Beta wrote:well, we now have proof that all four answers can be backed up with an explanation (even if it is highly improbable). (PyTom is in fact partly responsible for answer A being shown possible.)
for Answer A to be even remotely correct, we'd have to assume there's an error with the question's wording. if the question was, in reality, to find the probability of a team winning THREE games in a set of three games, then this is the only answer possible, since the probability of one team winning ALL THREE GAMES is 1 in four, as PyTom (and a few others) has inadvertantly shown.
PyTom (others have shown this as well...) wrote:...Let's consider a sport which has a best-of-three championship series, but which, for whatever reason, demands that they play all three games, even if the outcome is preordained. We'd get the following possible outcomes:
HHH *
HHT *
HTH
HTT
THH
THT
TTH *
TTT *
The lines I've starred are the ones in which the games are won in two flips. All of the lines have the same probability, so the chance of someone winning in 2 games is 4/8 == 1/2.
note how 2 of the eight outcomes (which I have marked in green) is the same team winning all three times. (Gamma brought this to my attention.)
answer B, as I have shown and argued for a while about, assumes that the series ends after one team wins two games (contradictory to the explanation of answer A above). this results in only two of six possible ways that it could end after the second game with the third game not played at all.
for answer C, follow a similar logic but discard the probability calculation on the third game altogether. (this is how Zeta and most of his math class arrived at that solution...)
answer D has the weirdest (but still followable) logic behind it, so I'll just quote the person who explained it...
herenvardo wrote:forget the coin flip and go back to the sport event. Assuming most neutral conditions, as playing in a neutral field and weather not affecting results, then it's most probable that the best team wins each game. So, after team A wins the first game, there is an important chance that A is better than B, so its chances to win the second game are higher than 50/50. With such an argumentation, the answer should be somewhat higher than 1/2, and the only option that fulfills that is 2/3. I have had many teachers that, provided an argumentation like the one above, would accept as good that option (but it will be taken as wrong if you mark it without any explanation).
this leaves me to wonder if the people who wrote that question still have their jobs.
Well, you're right: all four answers can be argued for; but that doesn't make them right. In a pure math context, the only one that would be right is 1/2, and there have been a lot of different explanations, most of them unbreakable, about that one. About your arguing for B, I've found where does it fall, and I'll try to clearly explain it. You make a case-breakdown, like that:
HH
HTH
HTT
THH
THT
TT
So, you had 6 cases and assumed that each one would have a 1/6 chance to happen. The error is that the cases you list have not the same chance to occur, since the ones of 3 matches have half the chances of occuring than the ones of 2 matches.
Anyhow, if you're still unhappy with that, let me know and I'll give you a math demonstration of 1/4 = 1/3 = 1/2 = 2/3 (of course, it'll be cheaty, but it may be fun).

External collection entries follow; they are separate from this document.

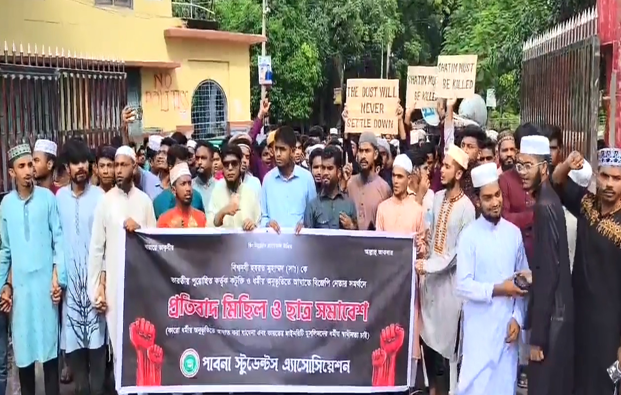 মহানবী হযরত মুহাম্মদ (সা.)কে নিয়ে ভারতীয় পুরোহিতের কটূক্তির প্রতিবাদে পাবনায় বিক্ষোভ মিছিল অনুষ্ঠিত হয়েছে। শুক্রবার দুপুরে পাবনা স্টুডেন্ট এসোসিয়েশনের পক্ষ
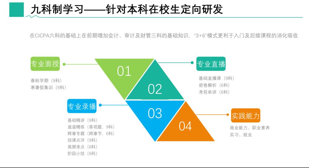 本培养方案针对本科低年级大学生量身定制,从财务基础知识入门到CPA专业知识全面学习,由浅入深,结合职业素养实训实习就业全方位培养体系计划,即在大学学习了CPA专业知识,也同时提升了财务实操的专业能力,提供实习就业指导,领先一步提前了解、适应职场。
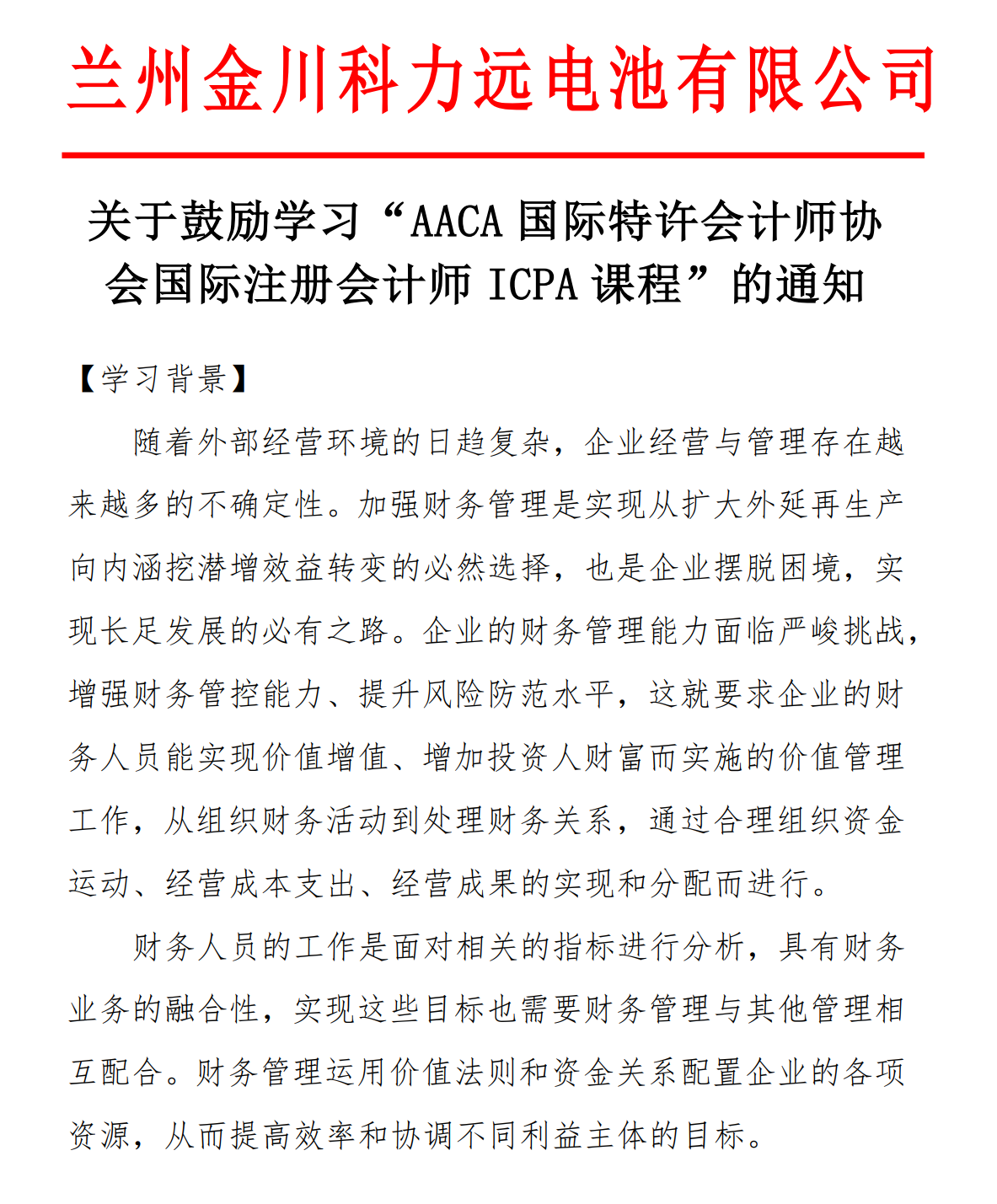 兰州金川科力远电池有限公司发文鼓励学习ICPA国际注册会计师
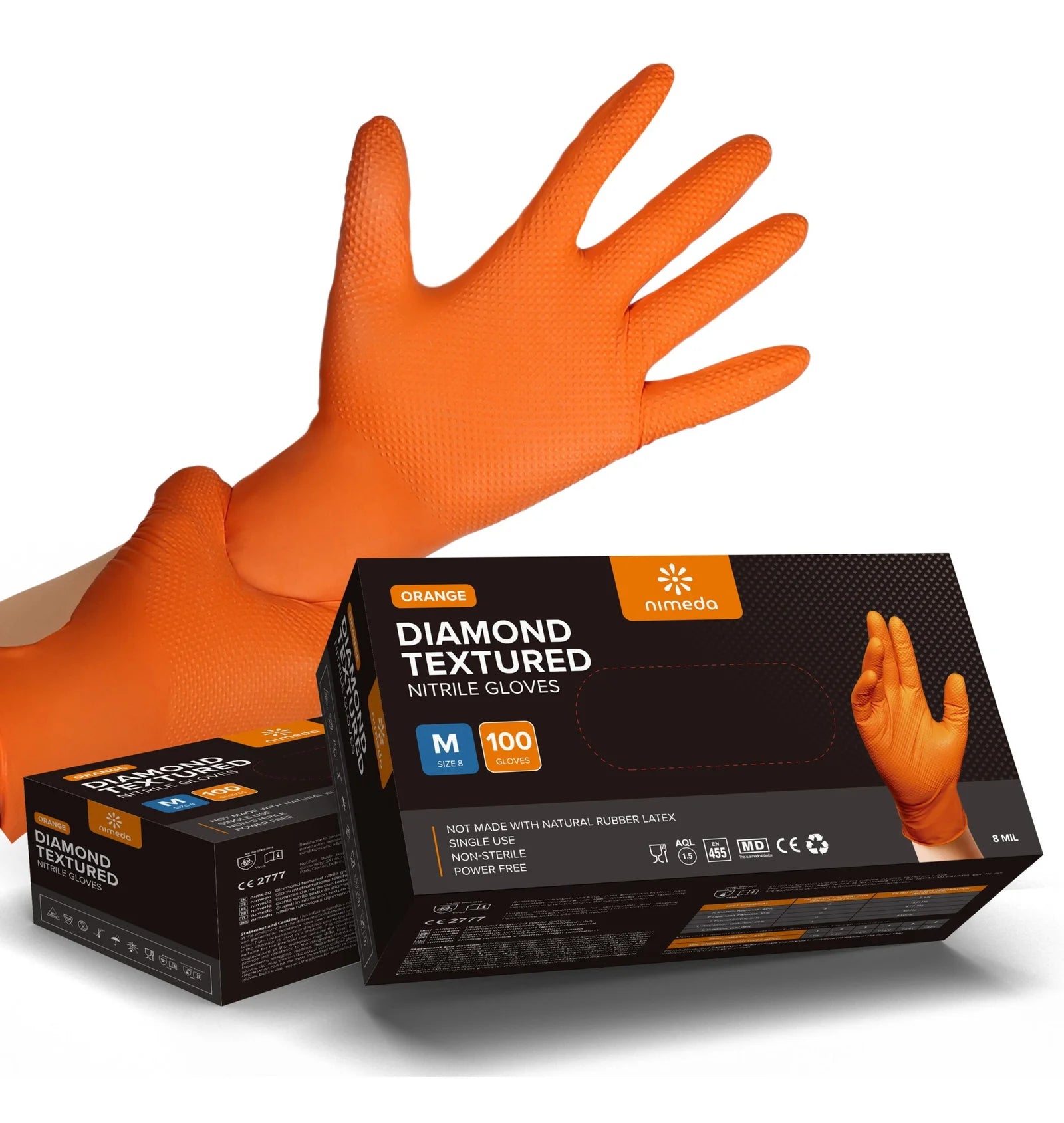 NIMEDA® Nitrilhandschuhe - Orange 2-3 x Dicker mit Diamant Textur
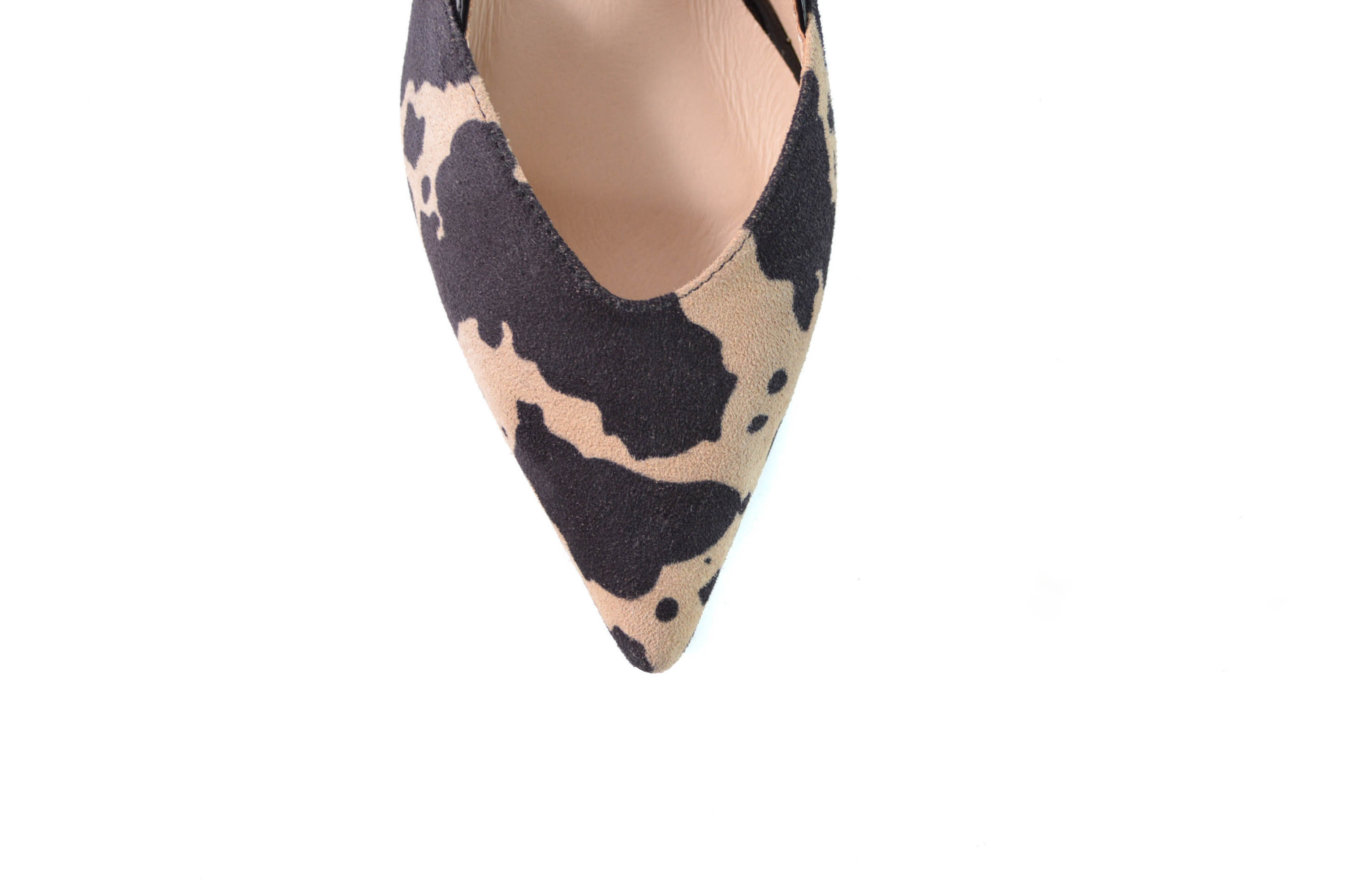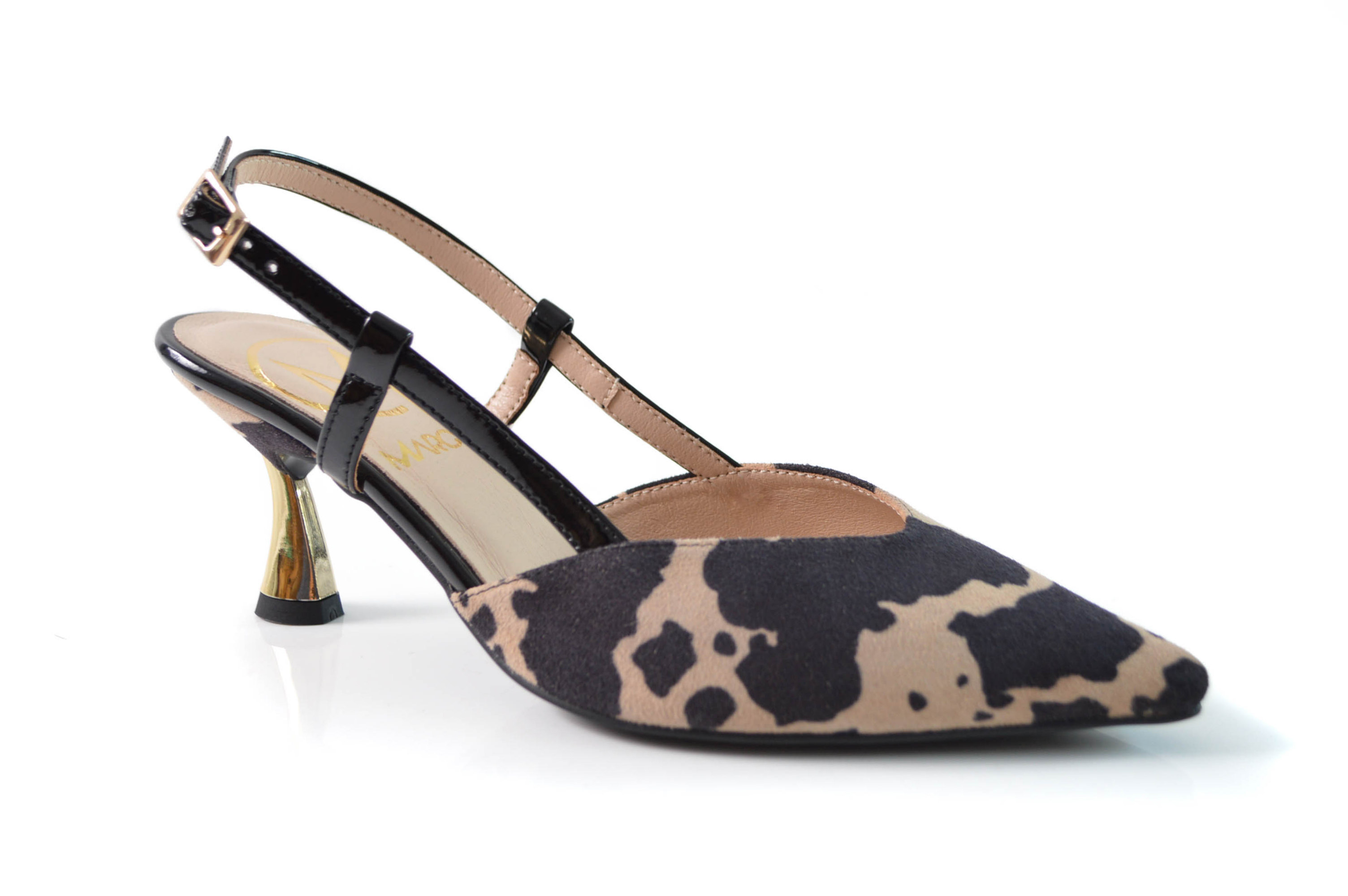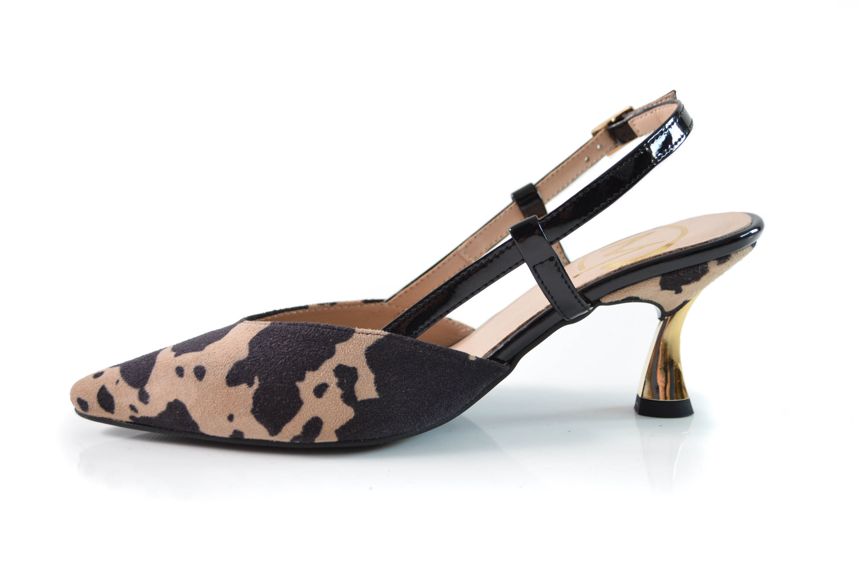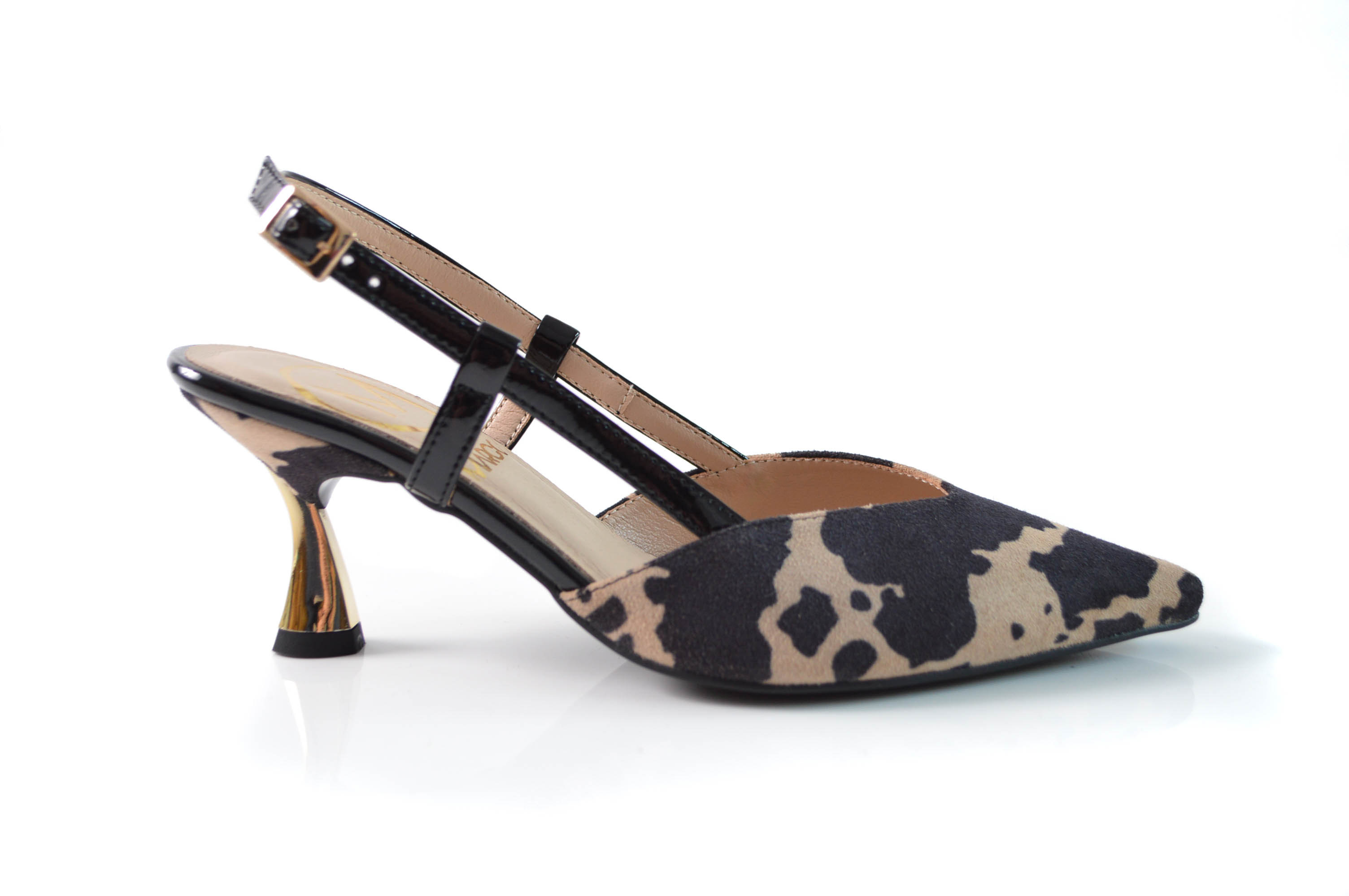 Te czarno-beżowe czółenka damskie z odkrytą piętą to propozycja dla kobiet, które lubią łączyć klasyczną elegancję z odważnym, modowym akcentem. Model wyróżnia się efektownym wzorem w centki inspirowanym motywem „krowy”, który przyciąga spojrzenia i nadaje stylizacji unikalnego charakteru. Wykonane z naturalnej skóry zamszowej, zachwycają miękką fakturą oraz starannym wykończeniem.

Now, no joking, I insist you on what I suggested on my previous post: once you have the first 2 results, they have to be enough to decide if a 3rd match is required. So, make the case breakdown for after the second match. You should see it clear then.
beta wrote:...and it seems like nobody remembered that there would be a third game or couldn't figure out how it would affect the answer.
Ok, you're right on the fact that there can be a third game, but due to the nature of the problem, we got the answer (there is a 3rd match or not)
before the 3rd match, if it's finally done. This means that, since you by force know the answer before that 3rd match, the outcome of this one cannot affect that answer.
And this is my limit... I've teached maths to many people since 4 years ago or so (starting at secondary school, helping classmates, and afterwards helping other people for a nice price), but I don't feel able to explain you what's your mistake in many more ways. Try to think about that, and you should understand it.
Edit: PD: Wow! I just found another arguing for D! If you care the chance of the third game being cancelled, the chances of the event finishing after 2 matches go higher. ie: a game could be cancelled due to weather, violence on the playfield, too many harmed, sanctioned or ill players on both teams, and so on... the only limit is imagination XD Anyhow, both this arguing and the previous one 'bout this option are non-math, so they shouldn't be taken in account... I've put them just for fun
Edit: apologies for the "bump". I was just reviewing old posts, and I think I clicked the button by accident.
forget the coin flip and go back to the sport event. Assuming most neutral conditions, as playing in a neutral field and weather not affecting results, then it's most probable that the best team wins each game. So, after team A wins the first game, there is an important chance that A is better than B, so its chances to win the second game are higher than 50/50. With such an argumentation, the answer should be somewhat higher than 1/2, and the only option that fulfills that is 2/3. I have had many teachers that, provided an argumentation like the one above, would accept as good that option (but it will be taken as wrong if you mark it without any explanation).